§ Given information:

-- Opening Marker --

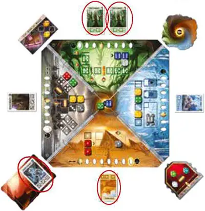 If an attack results in dice having to be removed from a territory, then these dice are placed in the middle of the game board, on the Vortex of Oblivion. These dice are no longer available to the players and can only be freed again later with the help of the Vortex of Resurrection or by specific heroes.
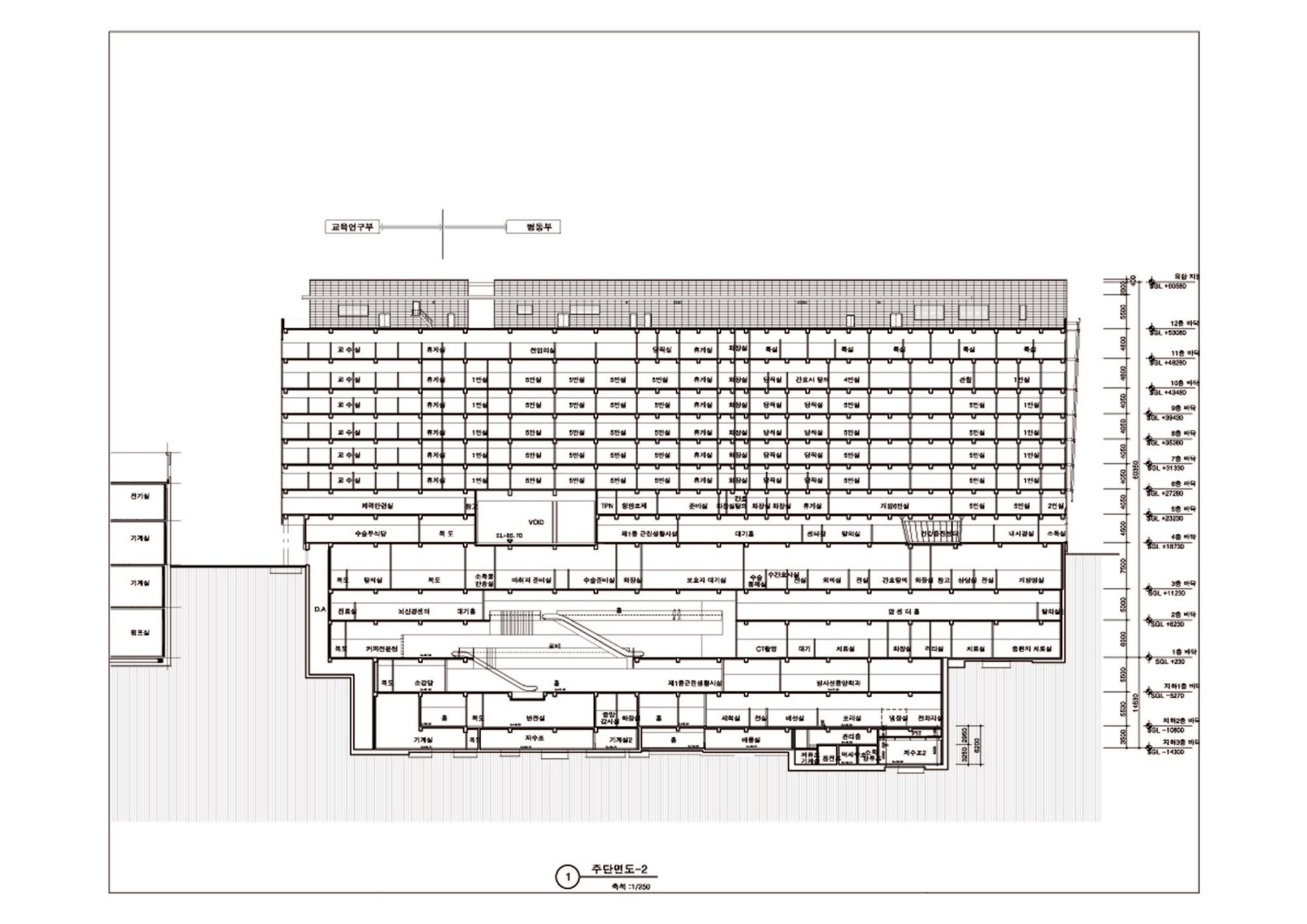 Then, the layout alternative with the shape of the land was finally confirmed as the last proposal. If the layout causes inconvenience, it will result in fundamental restrictions that cannot be overcome even though the building has a good direction or other conditions are satisfied. The new building of Bundang Seoul National University Hospital starts from the premise that the relation with the existing building will be set up and the issue of the western ward will be solved.
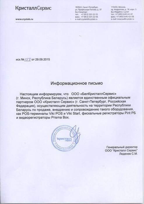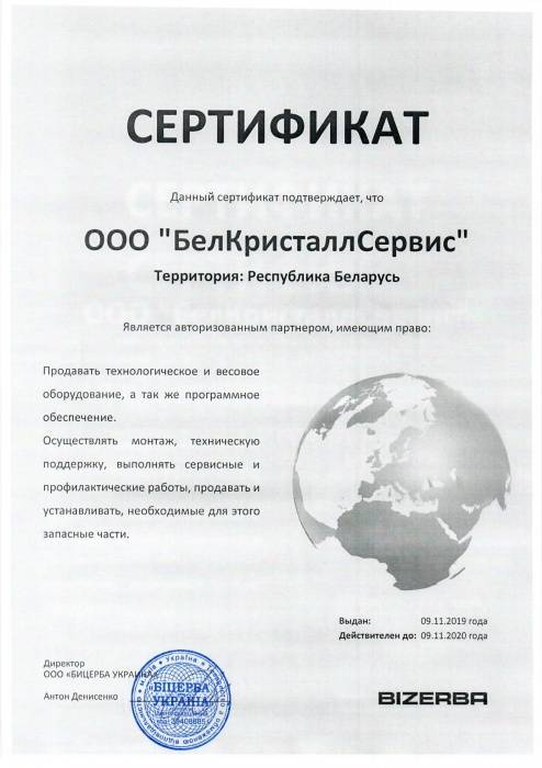 Компания является единственный официальным партнером ООО "Кристалл Сервис" на территории Республики Беларусь

-- Closing Marker --

§ Aim of the task:
Your answer must be an exact copy of the data above, minus its pictures.

§ Response box:
 If an attack results in dice having to be removed from a territory, then these dice are placed in the middle of the game board, on the Vortex of Oblivion. These dice are no longer available to the players and can only be freed again later with the help of the Vortex of Resurrection or by specific heroes.
 Then, the layout alternative with the shape of the land was finally confirmed as the last proposal. If the layout causes inconvenience, it will result in fundamental restrictions that cannot be overcome even though the building has a good direction or other conditions are satisfied. The new building of Bundang Seoul National University Hospital starts from the premise that the relation with the existing building will be set up and the issue of the western ward will be solved.
 Компания является единственный официальным партнером ООО "Кристалл Сервис" на территории Республики Беларусь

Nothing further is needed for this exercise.